Chapter 10

7 0 0
                                    

Syd... what are you doing? Syd... PLEASE STOP.


I don't know what it means to be sane, sometimes. People give me definitions of it. Stable. Functional. Human.

I've always hated that word. 'Functional'. It makes you feel like they're describing a machine. I guess once something is broken, it is no longer 'functional'. What do you do then? Throw it away? Put up with it? Maybe that's the only thing that sets a human apart from a machine.

But I also understood. I wasn't seeing what they were seeing. The times when I don't remember. It is a little frightening to think it has gotten there again. Like when it happened when I was in high school. The principle called my mom and told me I had wandered into the girls' locker room, that I was a peeping Tom. They were going to expel me. I told them it never happened.

Then they showed me the security video of someone walking into the locker room. It was me. I didn't know what to say. I didn't remember it.

That was the first time. We knew something was wrong. Then the second time. I walked into a pool. Almost drowned.

We went to seek psychiatric care to get an opinion, my mom and I. Neither of us understood what it could be. It just seemed strange to us. But it was real.

They did some tests. Observed me. Asked me questions. It all seemed so routine and normal. Until they came back and told me. I was at-risk for schizophrenia. Me, a kid still in high school. Already considered crazy by society.

At first we tried just doing cognitive behavioral therapy. It seemed to work. The episodes weren't happening again. Or so we hoped. My mom and I got lulled into a sense of relief that it was going to be okay.

Then my mom came home one day and saw me. Slicing lines into my forearms with a kitchen knife. That's what she saw. I didn't remember it. All I remember was waking up in a hospital bed with bandages covering my arms. That's when I knew. I had no control over the situation.

They started me on medication. It definitely didn't feel right. I got sick. In fact, it was downright disgusting. And my mind felt different. It changed me. It made me an alien within myself. I couldn't tell what I was anymore.

But I had no choice. I had to do it. For my mom. I owed it to her to make sure what she saw never happened again.

It's not always about giving in.


It is always worse than you expect, the side effects. Go to sleep thinking you will get through this and be up and running, maybe the next day. Or the day after that. At worst, you think you would be able to at least do the small things for yourself; be that 'functional' human just making it through the unease. However, it doesn't usually work out that way.
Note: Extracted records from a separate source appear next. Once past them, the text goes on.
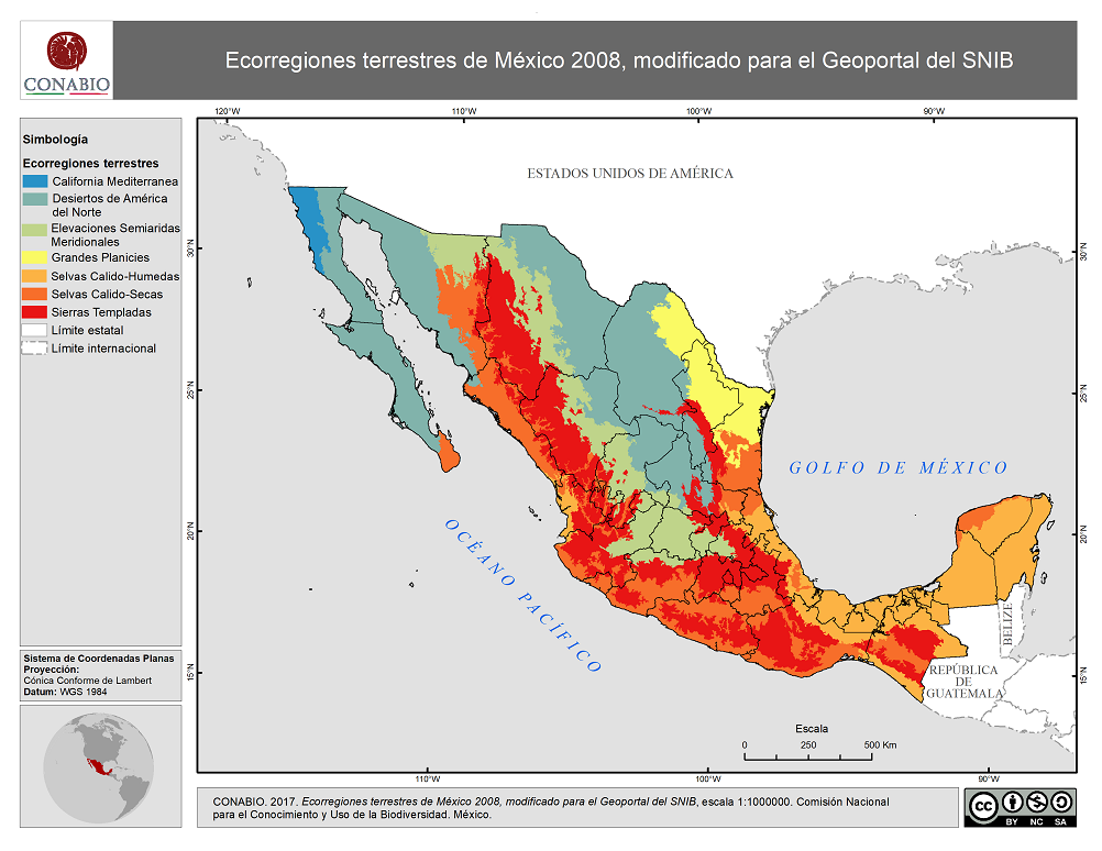 - Ecorregiones terrestres de México 2008, modificado para el geoportal del SNIB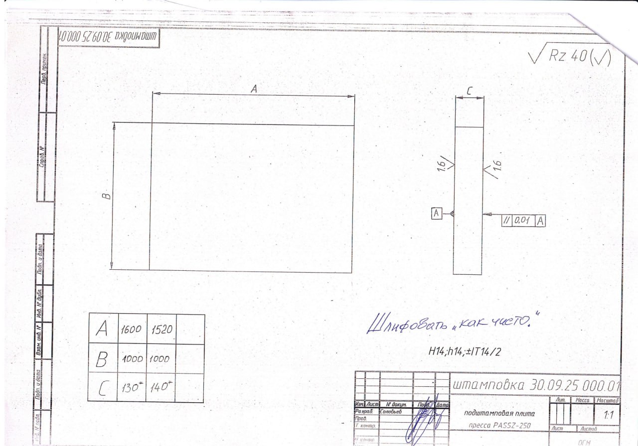 03.10.2025 Шлифование двух подштамповых плит неразборных (1000х1520 и 1000х1600) совместно с вкладышем для устранения повреждений  |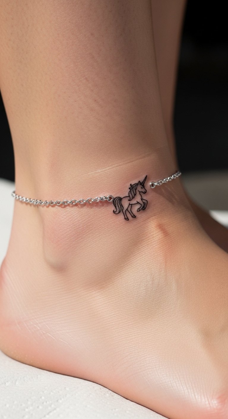 An ankle bracelet unicorn acts like jewelry on your skin. Picture a small unicorn in a chain design. It’s discreet and stylish. Find local artists; costs under $120. Make a bracelet mock-up with string and drawings at home. This keeps it budget-friendly. Place it on your ankle for elegance. Use fine lines for comfort. Your tattoo will add a subtle charm.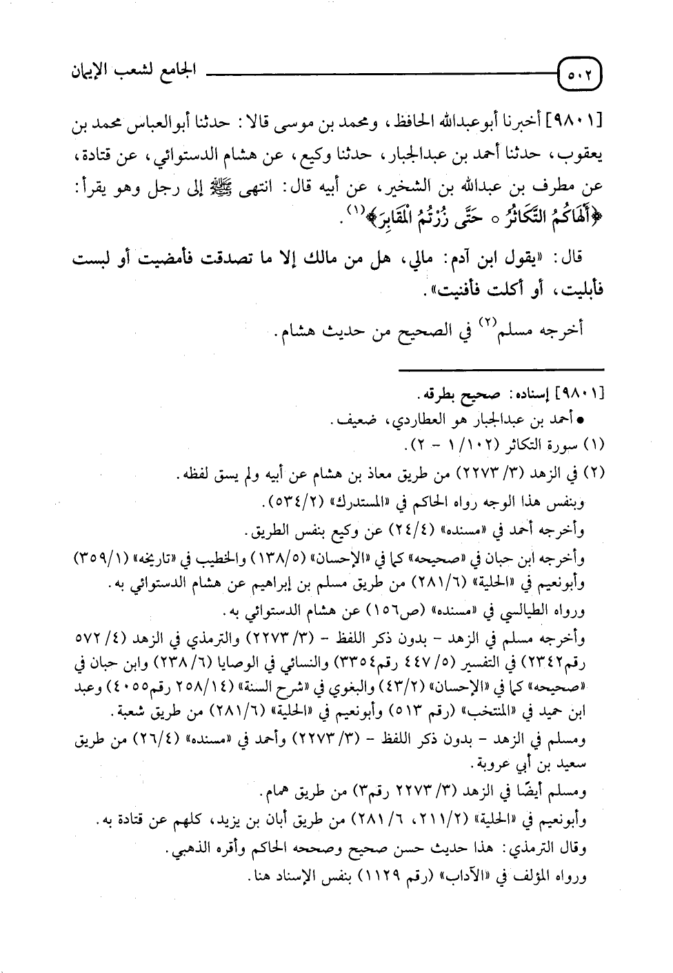 9801 - أَخْبَرَنَا أَبُو عَبْدِ اللهِ الْحَافِظُ , وَمُحَمَّدُ بْنُ مُوسَى , قَالَا: نَا أَبُو الْعَبَّاسِ مُحَمَّدُ بْنُ يَعْقُوبَ , نَا أَحْمَدُ بْنُ عَبْدِ الْجَبَّارِ , نَا وَكِيعٌ , عَنْ هِشَامٍ الدُّسْتُوائِيُّ , عَنْ قَتَادَةَ , عَنْ مُطَرِّفِ بْنِ عَبْدِ اللهِ بْنِ الشِّخِّيرِ , عَنْ أَبِيهِ قَالَ: انْتَهَى النَّبِيُّ صَلَّى اللَّهُ عَلَيْهِ وَسَلَّمَ إِلَى رَجُلٍ وَهُوَ يَقْرَأُ: {أَلْهَاكُمُ التَّكَاثُرُ حَتَّى زُرْتُمُ الْمَقَابِرَ} [التكاثر: 2] , قَالَ: " §يَقُولُ ابْنُ آدَمَ: مَالِي. هَلْ لَكَ مِنْ مَالِكَ إِلَّا مَا تَصَدَّقْتَ فَأَمْضَيْتَ أَوْ لَبِسْتَ فَأَبْلَيْتَ أَوْ أَكَلْتَ فَأَفْنَيْتَ " أَخْرَجَهُ مُسْلِمٌ فِي الصَّحِيحِ مِنْ حَدِيثِ هِشَامٍ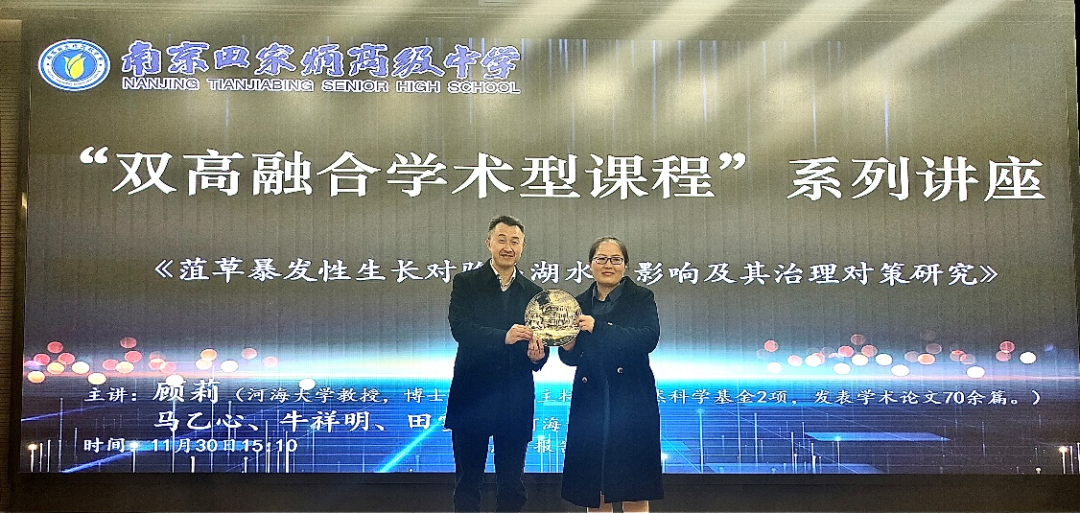 近日,为深入学习贯彻党的二十大关于“推动绿色发展,促进人与自然和谐共生”的会议精神,云顶国际yd333环境科学系党支部前往南京市田家炳高中进行支部共建,开展科普讲座,实现高校与高中的“双高融合”。环科系支部书记顾莉教授围绕自身研究方向,以“菹草暴发性生长对骆马湖水质影响及治理对策研究”为主题向同学们分享。田家炳高级中学的近百名学生在导师带领下参与聆听学习。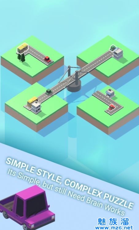 1、具有低多边形图形的体验,轻扫汽车并将它们带到目的地以完成舞台。

I don't remember much about the week after I started the medication. It's all there in bits and pieces; me waking up sometimes to see my mom around my apartment. Her hands rubbing my shoulders, soothing me in bed as she tries to feed me liquids. Or her hands rubbing my back as I crouched bent over the toilet, puking my esophagus out. I remember the lurching, the gag reflex. Even when there wasn't anything left in my stomach, it still kept going, imploring more to come out until I started to taste that stomach acid. That sour burning taste that you know when your body is being pushed to a limit. And even then, it wouldn't stop because your body still needed something out. It was trying its damndest to get something out. And you were just there at its will, crouched and waiting over the toilet until your body got rid of it.

If I wasn't over the toilet, I was in bed. I remember at least that felt comfortable. Not so much my body, but the fact that I had something underneath me, supporting my weight as it sunk completely into the frame. It was like being a corpse, just alive enough to be aware that you were a corpse, laid down and completely paralyzed with your mind waiting to go somewhere else. Moving felt like it required infinite strength and I didn't have that. My mom would have to help me get up to go use the bathroom. She even bought diapers in case it ever got to that point. Luckily, we managed. I remember the few moments where I was slumped sitting on the toilet seat, feeling a vague sense of victory in the accomplishment. It was like trying to coordinate the body as multiple different parts as they pulled away from each other, never agreeing on what should happen next. A marionette, bent and twisted in pose, the strings tangled up above him.